She walked toward me, shutting the door close. Her scrubs were stained with blood. Her hair was escaping its bun, dark red strands falling around her face. She looked exhausted and devastated and so painfully beautiful it made my throat dry.
"Cassian, I'm so sorry. I was about to leave, I swear. I was walking to my car when the call came, and I couldn't just ignore it. He would have died if I hadn't stayed."
I stared at her, nodding. "I know."
"I forgot. I'm the worst."
"Calla."
"No, I am. I forgot our anniversary. Our second anniversary. You made reservations, didn't you? At Lucia's. That's why you're wearing the blue tie."
She noticed the tie. Somehow, that made it worse.
I wanted to argue with her and tell her that it wasn't fine. I wanted to ask her if she even wanted to be married to me anymore, or if I was just another obligation she kept forgetting to cancel.
But she looked shattered. Genuinely. Her armor was down, and underneath it was a woman who was drowning in guilt she didn't know how to express.
I couldn't be angry at that. I didn't have it in me.

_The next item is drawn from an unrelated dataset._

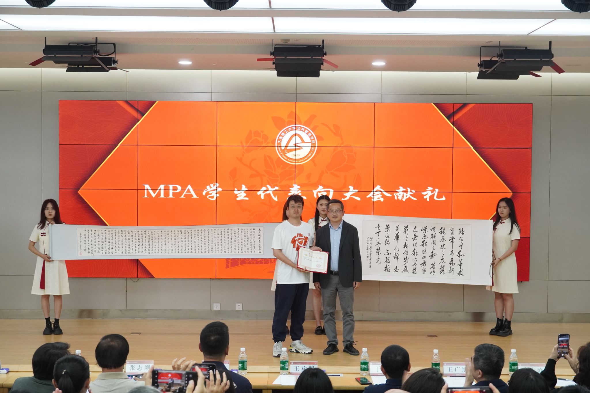 学院MPA在校生代表郭占山向学院捐赠为学院书写的书法作品,表达了对学校的热爱和对未来的憧憬。

"The guy going to make it?" I asked instead.
The shift in topic startled her. She blinked, processing, then nodded slowly. "Probably. If the next twenty-four hours go well. We had to resect part of his bowel, but we saved most of it."
"Good."
"Cassian..."
I sighed. "Come here."
I opened my arms, and she hesitated for only a second before stepping into them. Her body sagged against mine, all the tension draining out of her at once. I realized she was trembling, shivers running through her frame that she was trying to hide.
I held her tighter.
"I'm sorry," she whispered against my shoulder. "I'm so sorry."
"I know."
"I wanted to be there. I wanted to have dinner with you and drink wine and celebrate like normal people do. I wanted..."
She trailed off. I waited, but she didn't finish the sentence.
That was Calla. She’d always start talking about thoughts she couldn't complete, leaving sentences half-spoken because finishing them would require vulnerability she didn't know how to give.
I kissed the top of her head, breathing in the smell of antiseptic and hospital soap that clung to her hair. Underneath it, barely there, was the citrus scent of her shampoo. A small reminder of the woman beneath the surgeon.
"Let's go home," I said.
She pulled back enough to look at me. Her eyes were wet, though no tears had fallen. Calla didn't cry. Not in front of people, anyway. She saved her grief for moments when no one could witness it.
"You're not angry?"
"I'm tired," I admitted. "And disappointed. But I'm not angry."
"You should be angry."
"Maybe." I tucked a strand of hair behind her ear, my thumb brushing her cheekbone. "But being angry won't give us our anniversary back. It'll just make us both miserable."
She stared at me like I'd said something in a language she didn't speak. As if forgiveness was a concept she couldn't quite wrap her mind around.